SMA (3/3) KMP (Knuth–Morris–Pratt) string matching algorithm

2024-07-14 ｜ Research ｜ #Words: 4801 ｜中文原版

KMP (Knuth–Morris–Pratt) String Matching Algorithm

The KMP (Knuth–Morris–Pratt) string matching algorithm is well-suited for finding a single match. For multiple matches, an improved version of Rabin-Karp is a better choice.

This article is structured as follows (corresponding to the sidebar directory):

Why KMP is so hard to understand across different resources, along with key differences and considerations;
A brief introduction and characteristics of the KMP algorithm;
How KMP works;
The working logic of KMP;
How the critical next array in KMP is calculated;
Why the next array can compute the appropriate offset;
Complete code.

The reason I explain “how it works” before “working logic” is to let you first see KMP in action, making it easier to understand the underlying logic. Do not force yourself to master the “How KMP Works” section right away. I know many blog examples are subpar and incomplete. (The example in the original paper perfectly covers the three required scenarios—it’s excellent, just a bit lengthy.)

I provide numerous examples in subsequent sections, which can also aid memorization. After reading these, you’ll understand the original paper’s example at a glance, saving time.

Some Rants

KMP is a masterpiece, and its three independent inventors are all extraordinary:

Donald Knuth: Author of TAOCP and TeX, recipient of the 1974 Turing Award.
James H. Morris: Emeritus Professor of Computer Science at Carnegie Mellon University.
Vaughan Pratt: Knuth’s student, who completed his Stanford PhD in 20 months and became an emeritus professor at Stanford University in 2000.

This background (especially Knuth’s involvement) makes the algorithm’s underlying principles hard to grasp. It took me an entire day to understand what KMP is and how the paper relates to the explanations in various textbooks—making the learning process somewhat comical.

When learning KMP, I found that domestic textbooks introduce it as an improvement on the naive algorithm, adding a next array (Partial Match table, PM) that records the length of the longest equal prefix and suffix for each position in the substring. I don’t know if you understood this explanation, but I certainly didn’t.

I then discovered that Introduction to Algorithms frames KMP as an improvement on finite automata, also mentioning prefix calculation, with a strong mathematical focus. I grasped the general idea but had no clue how to implement it in code.

Neither explanation satisfied me.

Online blogs and code implementations either parrot domestic textbooks, reference Introduction to Algorithms, or provide no explanation at all—yielding the same confusing results.

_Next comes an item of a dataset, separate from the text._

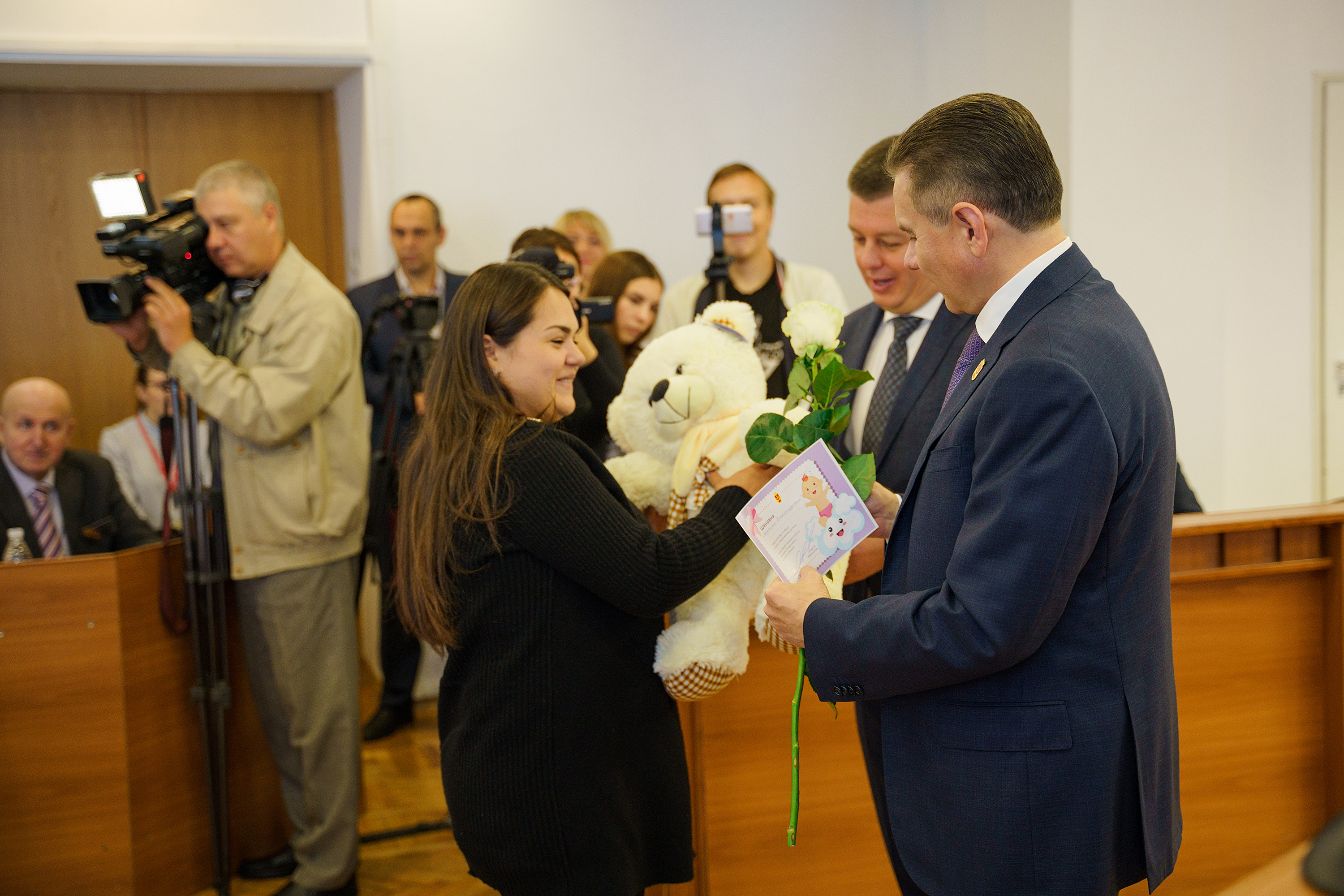 Сьогодні, 4 жовтня, під час чергової сесії міської ради вітали батьків, у яких народились діти на День міста. Їм подарували коляски, іграшки, вітальні листівки та квіти.

Finally, I read KMP’s original paper and realized why domestic textbooks and Introduction to Algorithms fail to clarify the logic: the algorithm is incredibly ingenious and difficult to explain simply. Additionally, while Knuth is now a renowned figure, this paper was written early in his career, with immature writing techniques and no fixed structure (academic papers lacked standard formatting back then), resulting in a disorganized presentation.

The funniest part? There’s no unified method for calculating KMP across resources—this is why you’ll never see exams test next array calculation, as it’s not unique. How inconsistent is it?

Whether character numbering starts at 0 or 1.
Whether next array numbering starts at 0 or 1.
Whether next[0] is 0 or 1.

Do the permutations: theoretically, a single pattern can have 8 versions of the test array (fewer in practice—about 3–4, since character and array numbering are correlated). Each version uses a slightly different calculation method but yields the same final result. So if you’re studying for exams, memorize your textbook’s method and don’t waste time researching the algorithm itself like I did.

This article uses the original paper’s method for calculating KMP’s test array (string and next numbering start at 1). However, the code follows C conventions (string and next numbering start at 0).

What is the KMP Algorithm?

Most string matching algorithms consist of two phases: preprocessing and matching. Preprocessing involves processing the pattern string to speed up subsequent matching.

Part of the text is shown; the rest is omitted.